Given
struct pt{int x,y;};
auto cmpSet = [](pt a, pt b) { return a.x<b.x;};
std::set<pt, decltype(cmpSet)> s(cmpSet);
Are
if(upper==s.begin()) continue;
auto it= std::prev(upper);
while(it!=s.end() && (*it).y<=p.y){
auto prv = it == s.begin() ? s.end() : std::prev(it);
s.erase(it);
it=prv;
}
And
if(upper==s.begin()) continue;
auto it = std::make_reverse_iterator(upper);
while (it != s.rend() && (*it).y <= p.y) {
auto victim = std::prev(it.base());
it = std::next(it);
s.erase(victim);
}
Necessarily equivalent? I have reasons to believe they either aren't. My reason is that when i submit these two codes: Forwards vs Backwards to an algorithm judge, Forwards gets accepted and Backwards gets a Runtime Error.
Context: It should report which 3d points out of a set of n unique points don't have other 3d points such that there is no other point that has greater X, greater Y, and lesser Z in time O(n)=nlogn. It does this by ordering in Z direction and keeping a minstack-like structure with a std::set
that represents the current frontier in the XY plane.
I don't have access to the dataset or a debug stacktrace, and the judge is OmegaUp but the contest was private and has passed(Coder Bloom May 31st programming contest).
No they aren't equivalent.
it
uses it.base()
as a backing forward iterator, which points to the next going forwardly element in the set.

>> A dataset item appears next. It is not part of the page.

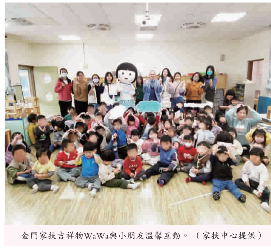
金門家扶吉祥物WaWa與小朋友溫馨互動。

記者蔡麗玉／金寧報導 為讓居家安全觀念從小扎根，同時提升家庭親子陪伴品質，金門家扶中心日前於金寧鄉圖書館舉辦「親子共讀共玩」活動，邀請繪本繪師、居家安全專家及手工作業師參與。活動結合繪本導讀、居家安全探索及手作體驗，透過輕鬆溫暖的互動方式，引導親子在陪伴中學習，讓安全教育自然融入日常生活，陪伴孩子在愛與支持中安心成長。 活動以繪本《小安的大城堡》為主題，透過生動有趣的故事情節，引導幼兒認識居家生活中可能潛藏的安全風險。在家長的陪伴下，孩子們一起閱讀、討論故事內容，並透過提問與分享，學習辨識危險情境，逐步建立基本的自我保護觀念。隨後進行的「居家環境大探險」活動，將抽象的安全概念轉化為具體可行的生活行動。 活動現場氣氛溫馨熱鬧，孩子們在遊戲與學習中感受到家長的關注與陪伴，家長在互動過程中，理解不同成長階段幼兒所需要的安全引導方式。多位家長於活動後回饋表示，感謝家扶用心規劃活動內容，讓親子相處不但是共享時光，更是成為充滿意義的學習歷程。 為使活動進行更加順暢，金門家扶特別邀請參與週末課輔班的家扶受助學童擔任活動小志工，協助書Q餅手作流程並陪伴幼兒互動。這群年齡介於六至十二歲的小志工，在社工的引導下分工合作，協助照顧幼童、減輕家長負擔，也讓家長更能安心投入親子共讀與手作體驗。 透過實際參與服務，小志工們學習責任、合作與付出的意義，展現家扶在兒童陪伴與學業力培力上的具體成果。活動背後的溫暖力量，也來自社會各界的支持與同行。寧中、小學附設幼兒園日前將年貨大街活動所募集的愛心收入捐贈予金門家扶中心，由校長宋文法代表全體師生完成捐贈；宋文法校長表示，縣內仍有許多孩子與家庭需要社會的關懷與支持，期盼透過幼兒園孩子、家長與老師共同參與的愛心行動，讓關懷在社區中持續流動，將溫暖傳遞到金門的每一個角落。

Yes, *it
is not equal to *it.base()
.
Here's the catch: when erasing the victim
, it
gets invalidated!
So the following code
if(upper==s.begin()) continue;
auto it= std::prev(upper);
while(it!=s.end() && (*it).y<=p.y){
auto prv = it == s.begin() ? s.end() : std::prev(it);
s.erase(it);
it=prv;
}
Would actually be equivalent to:
//checking if(upper==s.begin()) is redundant
auto it = std::make_reverse_iterator(upper);
while (it != s.rend() && (*it).y <= p.y) s.erase(*it);
//or equivalently but faster: s.erase(std::prev(it.base()));
Funnily enough, since it
is a backwards iterator, deleting *it
doesn't invalidate it
, but makes it point to the next (going in reverse) element!